(Beginning of INFORMATION PROVIDED)

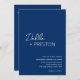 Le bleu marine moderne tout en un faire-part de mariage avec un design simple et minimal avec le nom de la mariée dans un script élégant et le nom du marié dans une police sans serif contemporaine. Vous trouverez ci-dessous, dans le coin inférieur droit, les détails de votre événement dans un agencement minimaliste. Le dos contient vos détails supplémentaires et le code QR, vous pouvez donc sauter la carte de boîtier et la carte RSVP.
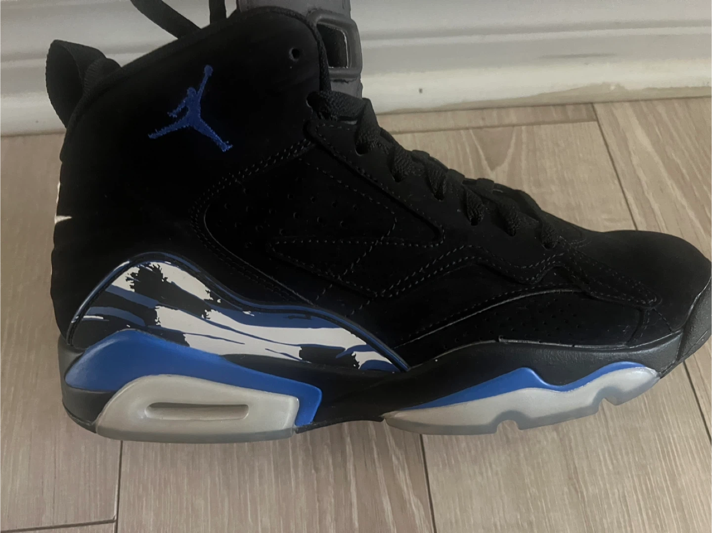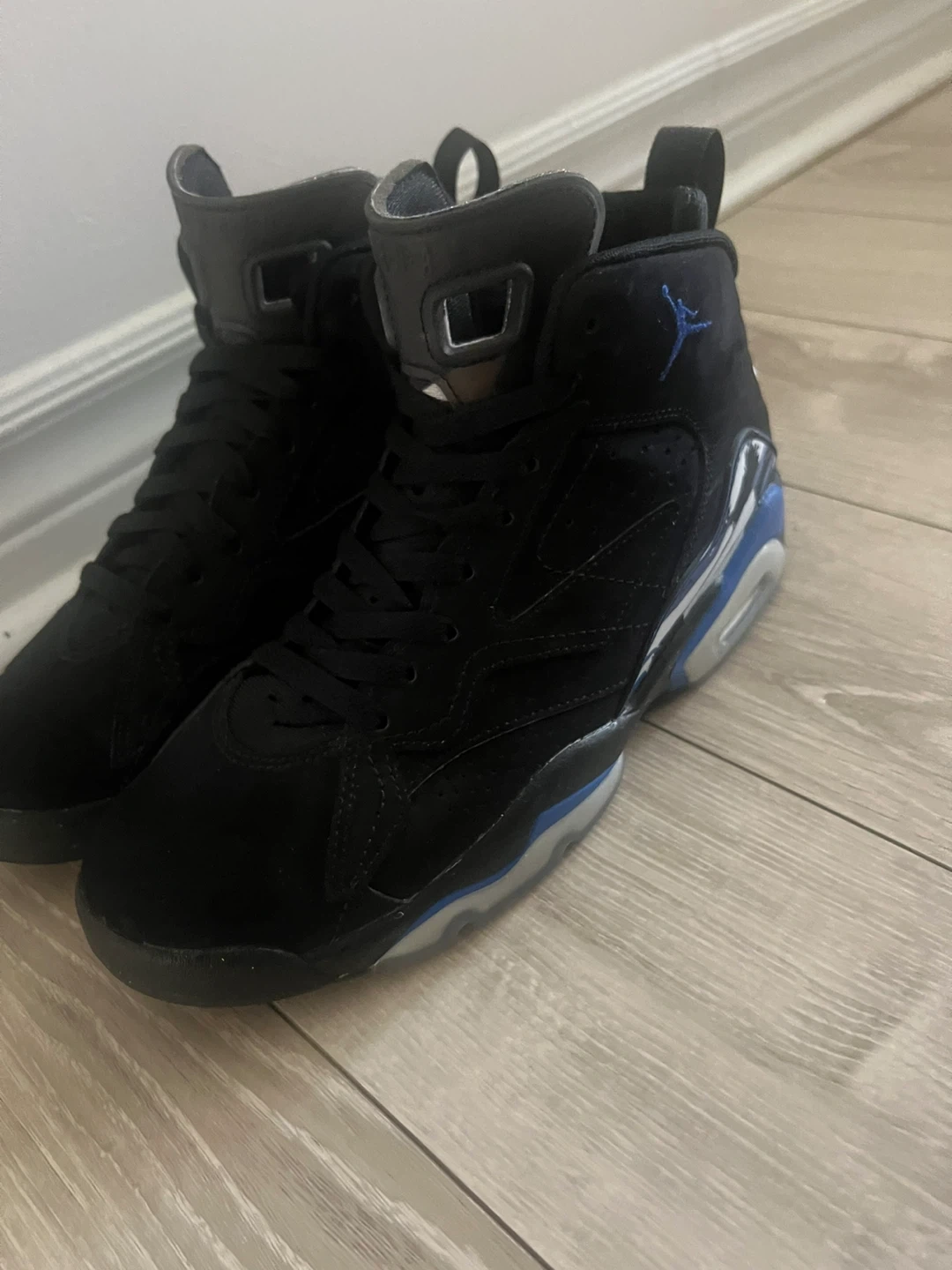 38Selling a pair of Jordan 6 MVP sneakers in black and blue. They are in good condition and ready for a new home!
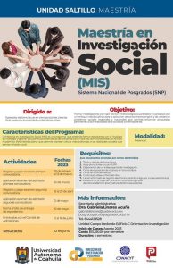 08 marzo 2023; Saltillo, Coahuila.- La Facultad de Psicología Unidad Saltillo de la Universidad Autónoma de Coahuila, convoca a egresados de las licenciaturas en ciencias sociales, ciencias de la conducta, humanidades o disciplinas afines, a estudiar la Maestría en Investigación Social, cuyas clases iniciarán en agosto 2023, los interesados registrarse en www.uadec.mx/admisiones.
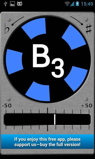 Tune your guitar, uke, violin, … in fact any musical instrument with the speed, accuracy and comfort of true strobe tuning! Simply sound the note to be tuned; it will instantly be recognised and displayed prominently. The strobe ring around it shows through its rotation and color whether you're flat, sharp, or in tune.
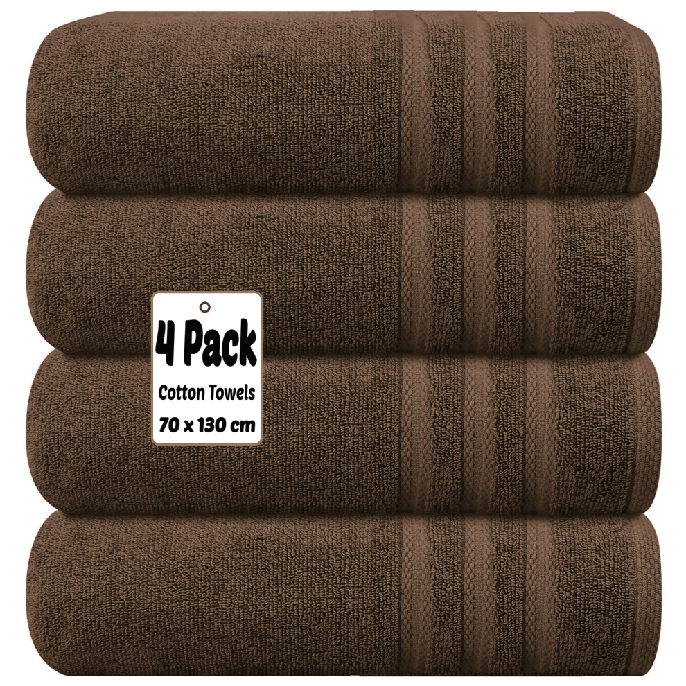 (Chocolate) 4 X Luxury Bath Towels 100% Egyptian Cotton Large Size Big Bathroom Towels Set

(End of INFORMATION PROVIDED)

• _REQUIRED ACTION_: For the records above, output each one exactly and skip any image.

• _TASK RESPONSE_:
 Le bleu marine moderne tout en un faire-part de mariage avec un design simple et minimal avec le nom de la mariée dans un script élégant et le nom du marié dans une police sans serif contemporaine. Vous trouverez ci-dessous, dans le coin inférieur droit, les détails de votre événement dans un agencement minimaliste. Le dos contient vos détails supplémentaires et le code QR, vous pouvez donc sauter la carte de boîtier et la carte RSVP.
 38Selling a pair of Jordan 6 MVP sneakers in black and blue. They are in good condition and ready for a new home!
 08 marzo 2023; Saltillo, Coahuila.- La Facultad de Psicología Unidad Saltillo de la Universidad Autónoma de Coahuila, convoca a egresados de las licenciaturas en ciencias sociales, ciencias de la conducta, humanidades o disciplinas afines, a estudiar la Maestría en Investigación Social, cuyas clases iniciarán en agosto 2023, los interesados registrarse en www.uadec.mx/admisiones.
 Tune your guitar, uke, violin, … in fact any musical instrument with the speed, accuracy and comfort of true strobe tuning! Simply sound the note to be tuned; it will instantly be recognised and displayed prominently. The strobe ring around it shows through its rotation and color whether you're flat, sharp, or in tune.
 (Chocolate) 4 X Luxury Bath Towels 100% Egyptian Cotton Large Size Big Bathroom Towels Set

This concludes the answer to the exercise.